Monday, Aug. 29, 1938

In Antigonish

In the small, predominantly Roman Catholic town of Antigonish in Nova Scotia, churchmen of three faiths last week made a great and happy to-do over cooperatives. At Antigonish's small Roman Catholic St. Francis Xavier University were 1,000 people--among them 250 clergymen and educators from the U. S.--to attend a Rural and Industrial Conference, to behold how the 100% Christian economics of cooperatives had put the whole region on its feet.

Eight years ago. Rev. James J. ("Father Jimmy") Tompkins. a plain, grizzled parish priest, persuaded St.
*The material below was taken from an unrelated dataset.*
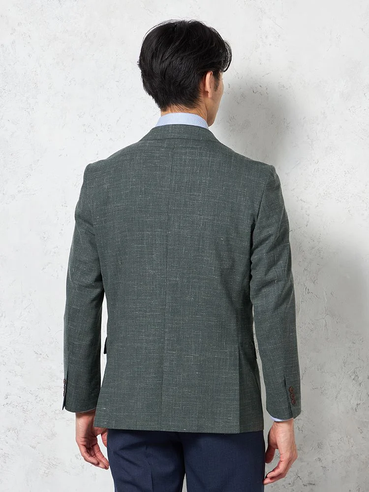 【軽量】ジャケット 2つボタン リネン ストレッチ 吸水速乾裏地 無地 リッケンバッカーブラック 春夏(ベージュ)

Xavier University to branch into the field of adult education. Father Jimmy had studied the famed cooperatives begun in Rochdale, England a century ago, had organized Nova Scotian miners and fishermen into study groups to learn about cooperatives.

Working through the University's extension department, with the help of its big, forthright director, Rev. Dr. Moses Mathias Coady, Father Tompkins preached the doctrines of cooperation so effectively that Nova Scotia today has 142 flourishing credit unions (small banks with revolving funds), 42 cooperative stores, 28 cooperative lobster and fish processing plants.

Last fortnight Nova Scotia's Premier Angus Macdonald, a graduate of St. Francis Xavier University, spoke at the opening of a cooperative housing project at a new town, Tompkinsville, named for Father Tompkins. When Father Jimmy rose to speak at the University conference, his audience roared applause. Two days later, an outsider, Political Economist Harold Adams Innis of the University of Toronto, told the conference: "You have reached the dangerous stage in which all men think well of you." Less gallant was the University's Peter Nearing's plea for group medical care: "Our women are . . . puny, with few Venuses among them. We see our men as undersized and misshapen. . . . Our beaches look like circus sideshows." Nova Scotians supposed that soon Father Jimmy would fix that, too.